>>>
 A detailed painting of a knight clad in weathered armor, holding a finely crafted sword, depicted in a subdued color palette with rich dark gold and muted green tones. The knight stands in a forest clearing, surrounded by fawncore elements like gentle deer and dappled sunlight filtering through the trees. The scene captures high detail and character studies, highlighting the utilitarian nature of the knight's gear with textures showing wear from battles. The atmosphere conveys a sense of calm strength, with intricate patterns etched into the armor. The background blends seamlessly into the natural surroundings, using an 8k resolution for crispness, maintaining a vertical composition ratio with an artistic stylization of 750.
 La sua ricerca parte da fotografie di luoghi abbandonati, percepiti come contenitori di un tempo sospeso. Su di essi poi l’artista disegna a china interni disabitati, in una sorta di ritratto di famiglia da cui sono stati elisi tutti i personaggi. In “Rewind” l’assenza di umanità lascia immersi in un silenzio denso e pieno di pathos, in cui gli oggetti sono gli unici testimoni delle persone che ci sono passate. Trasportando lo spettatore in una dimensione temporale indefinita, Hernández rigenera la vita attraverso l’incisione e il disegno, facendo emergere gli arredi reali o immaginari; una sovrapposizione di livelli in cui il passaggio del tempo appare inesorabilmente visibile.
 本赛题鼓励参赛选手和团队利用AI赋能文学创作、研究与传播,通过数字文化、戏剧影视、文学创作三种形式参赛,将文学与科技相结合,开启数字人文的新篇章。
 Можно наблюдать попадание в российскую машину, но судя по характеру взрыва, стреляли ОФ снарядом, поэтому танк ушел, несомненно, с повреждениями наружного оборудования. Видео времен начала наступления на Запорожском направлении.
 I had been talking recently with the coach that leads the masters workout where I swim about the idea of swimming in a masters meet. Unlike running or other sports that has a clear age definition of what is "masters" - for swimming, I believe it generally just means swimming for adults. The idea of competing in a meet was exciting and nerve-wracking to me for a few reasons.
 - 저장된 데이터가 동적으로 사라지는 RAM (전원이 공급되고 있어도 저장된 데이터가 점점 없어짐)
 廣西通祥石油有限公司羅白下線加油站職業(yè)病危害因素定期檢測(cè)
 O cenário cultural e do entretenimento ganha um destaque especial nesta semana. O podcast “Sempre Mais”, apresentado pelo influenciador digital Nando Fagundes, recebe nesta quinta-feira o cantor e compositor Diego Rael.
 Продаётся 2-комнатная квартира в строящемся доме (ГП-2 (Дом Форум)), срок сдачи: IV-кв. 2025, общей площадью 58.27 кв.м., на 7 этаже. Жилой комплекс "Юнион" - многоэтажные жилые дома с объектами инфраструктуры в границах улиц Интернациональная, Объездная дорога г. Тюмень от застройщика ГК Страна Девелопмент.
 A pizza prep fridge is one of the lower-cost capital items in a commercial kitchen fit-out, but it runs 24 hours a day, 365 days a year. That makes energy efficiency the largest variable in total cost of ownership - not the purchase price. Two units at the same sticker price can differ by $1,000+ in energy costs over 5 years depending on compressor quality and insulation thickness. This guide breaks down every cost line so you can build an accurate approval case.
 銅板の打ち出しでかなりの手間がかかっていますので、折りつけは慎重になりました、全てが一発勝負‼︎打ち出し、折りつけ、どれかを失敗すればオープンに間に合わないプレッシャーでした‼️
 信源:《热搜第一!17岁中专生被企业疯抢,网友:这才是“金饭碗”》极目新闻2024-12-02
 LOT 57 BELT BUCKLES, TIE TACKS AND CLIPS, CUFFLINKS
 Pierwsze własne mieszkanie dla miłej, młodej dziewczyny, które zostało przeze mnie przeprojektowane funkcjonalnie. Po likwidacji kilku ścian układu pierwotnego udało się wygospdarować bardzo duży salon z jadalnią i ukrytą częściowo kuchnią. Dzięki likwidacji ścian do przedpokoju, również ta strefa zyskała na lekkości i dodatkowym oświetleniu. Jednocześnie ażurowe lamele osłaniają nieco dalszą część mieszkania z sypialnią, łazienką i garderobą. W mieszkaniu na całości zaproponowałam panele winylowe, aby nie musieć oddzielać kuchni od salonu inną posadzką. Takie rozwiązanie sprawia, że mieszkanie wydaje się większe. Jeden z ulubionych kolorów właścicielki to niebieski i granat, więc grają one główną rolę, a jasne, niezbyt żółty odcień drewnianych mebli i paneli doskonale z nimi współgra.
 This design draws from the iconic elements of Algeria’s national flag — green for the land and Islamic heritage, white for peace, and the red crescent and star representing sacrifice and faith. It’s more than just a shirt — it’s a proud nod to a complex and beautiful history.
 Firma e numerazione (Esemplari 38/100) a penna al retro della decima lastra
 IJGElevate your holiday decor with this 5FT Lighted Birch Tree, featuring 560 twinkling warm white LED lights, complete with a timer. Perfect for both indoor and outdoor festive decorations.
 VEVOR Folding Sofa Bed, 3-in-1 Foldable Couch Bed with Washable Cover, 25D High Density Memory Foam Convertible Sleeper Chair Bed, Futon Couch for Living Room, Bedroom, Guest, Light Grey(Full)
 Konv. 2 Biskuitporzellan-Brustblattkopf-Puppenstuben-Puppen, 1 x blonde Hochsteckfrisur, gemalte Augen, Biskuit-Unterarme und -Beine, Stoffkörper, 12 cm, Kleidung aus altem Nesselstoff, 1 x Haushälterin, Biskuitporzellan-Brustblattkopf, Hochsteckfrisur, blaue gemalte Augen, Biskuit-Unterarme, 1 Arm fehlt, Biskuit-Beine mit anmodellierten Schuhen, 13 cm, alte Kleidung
<<<
How to complete this task. Each entry above must be repeated exactly, with nothing dropped.

Task output.
 A detailed painting of a knight clad in weathered armor, holding a finely crafted sword, depicted in a subdued color palette with rich dark gold and muted green tones. The knight stands in a forest clearing, surrounded by fawncore elements like gentle deer and dappled sunlight filtering through the trees. The scene captures high detail and character studies, highlighting the utilitarian nature of the knight's gear with textures showing wear from battles. The atmosphere conveys a sense of calm strength, with intricate patterns etched into the armor. The background blends seamlessly into the natural surroundings, using an 8k resolution for crispness, maintaining a vertical composition ratio with an artistic stylization of 750.
 La sua ricerca parte da fotografie di luoghi abbandonati, percepiti come contenitori di un tempo sospeso. Su di essi poi l’artista disegna a china interni disabitati, in una sorta di ritratto di famiglia da cui sono stati elisi tutti i personaggi. In “Rewind” l’assenza di umanità lascia immersi in un silenzio denso e pieno di pathos, in cui gli oggetti sono gli unici testimoni delle persone che ci sono passate. Trasportando lo spettatore in una dimensione temporale indefinita, Hernández rigenera la vita attraverso l’incisione e il disegno, facendo emergere gli arredi reali o immaginari; una sovrapposizione di livelli in cui il passaggio del tempo appare inesorabilmente visibile.
 本赛题鼓励参赛选手和团队利用AI赋能文学创作、研究与传播,通过数字文化、戏剧影视、文学创作三种形式参赛,将文学与科技相结合,开启数字人文的新篇章。
 Можно наблюдать попадание в российскую машину, но судя по характеру взрыва, стреляли ОФ снарядом, поэтому танк ушел, несомненно, с повреждениями наружного оборудования. Видео времен начала наступления на Запорожском направлении.
 I had been talking recently with the coach that leads the masters workout where I swim about the idea of swimming in a masters meet. Unlike running or other sports that has a clear age definition of what is "masters" - for swimming, I believe it generally just means swimming for adults. The idea of competing in a meet was exciting and nerve-wracking to me for a few reasons.
 - 저장된 데이터가 동적으로 사라지는 RAM (전원이 공급되고 있어도 저장된 데이터가 점점 없어짐)
 廣西通祥石油有限公司羅白下線加油站職業(yè)病危害因素定期檢測(cè)
 O cenário cultural e do entretenimento ganha um destaque especial nesta semana. O podcast “Sempre Mais”, apresentado pelo influenciador digital Nando Fagundes, recebe nesta quinta-feira o cantor e compositor Diego Rael.
 Продаётся 2-комнатная квартира в строящемся доме (ГП-2 (Дом Форум)), срок сдачи: IV-кв. 2025, общей площадью 58.27 кв.м., на 7 этаже. Жилой комплекс "Юнион" - многоэтажные жилые дома с объектами инфраструктуры в границах улиц Интернациональная, Объездная дорога г. Тюмень от застройщика ГК Страна Девелопмент.
 A pizza prep fridge is one of the lower-cost capital items in a commercial kitchen fit-out, but it runs 24 hours a day, 365 days a year. That makes energy efficiency the largest variable in total cost of ownership - not the purchase price. Two units at the same sticker price can differ by $1,000+ in energy costs over 5 years depending on compressor quality and insulation thickness. This guide breaks down every cost line so you can build an accurate approval case.
 銅板の打ち出しでかなりの手間がかかっていますので、折りつけは慎重になりました、全てが一発勝負‼︎打ち出し、折りつけ、どれかを失敗すればオープンに間に合わないプレッシャーでした‼️
 信源:《热搜第一!17岁中专生被企业疯抢,网友:这才是“金饭碗”》极目新闻2024-12-02
 LOT 57 BELT BUCKLES, TIE TACKS AND CLIPS, CUFFLINKS
 Pierwsze własne mieszkanie dla miłej, młodej dziewczyny, które zostało przeze mnie przeprojektowane funkcjonalnie. Po likwidacji kilku ścian układu pierwotnego udało się wygospdarować bardzo duży salon z jadalnią i ukrytą częściowo kuchnią. Dzięki likwidacji ścian do przedpokoju, również ta strefa zyskała na lekkości i dodatkowym oświetleniu. Jednocześnie ażurowe lamele osłaniają nieco dalszą część mieszkania z sypialnią, łazienką i garderobą. W mieszkaniu na całości zaproponowałam panele winylowe, aby nie musieć oddzielać kuchni od salonu inną posadzką. Takie rozwiązanie sprawia, że mieszkanie wydaje się większe. Jeden z ulubionych kolorów właścicielki to niebieski i granat, więc grają one główną rolę, a jasne, niezbyt żółty odcień drewnianych mebli i paneli doskonale z nimi współgra.
 This design draws from the iconic elements of Algeria’s national flag — green for the land and Islamic heritage, white for peace, and the red crescent and star representing sacrifice and faith. It’s more than just a shirt — it’s a proud nod to a complex and beautiful history.
 Firma e numerazione (Esemplari 38/100) a penna al retro della decima lastra
 IJGElevate your holiday decor with this 5FT Lighted Birch Tree, featuring 560 twinkling warm white LED lights, complete with a timer. Perfect for both indoor and outdoor festive decorations.
 VEVOR Folding Sofa Bed, 3-in-1 Foldable Couch Bed with Washable Cover, 25D High Density Memory Foam Convertible Sleeper Chair Bed, Futon Couch for Living Room, Bedroom, Guest, Light Grey(Full)
 Konv. 2 Biskuitporzellan-Brustblattkopf-Puppenstuben-Puppen, 1 x blonde Hochsteckfrisur, gemalte Augen, Biskuit-Unterarme und -Beine, Stoffkörper, 12 cm, Kleidung aus altem Nesselstoff, 1 x Haushälterin, Biskuitporzellan-Brustblattkopf, Hochsteckfrisur, blaue gemalte Augen, Biskuit-Unterarme, 1 Arm fehlt, Biskuit-Beine mit anmodellierten Schuhen, 13 cm, alte Kleidung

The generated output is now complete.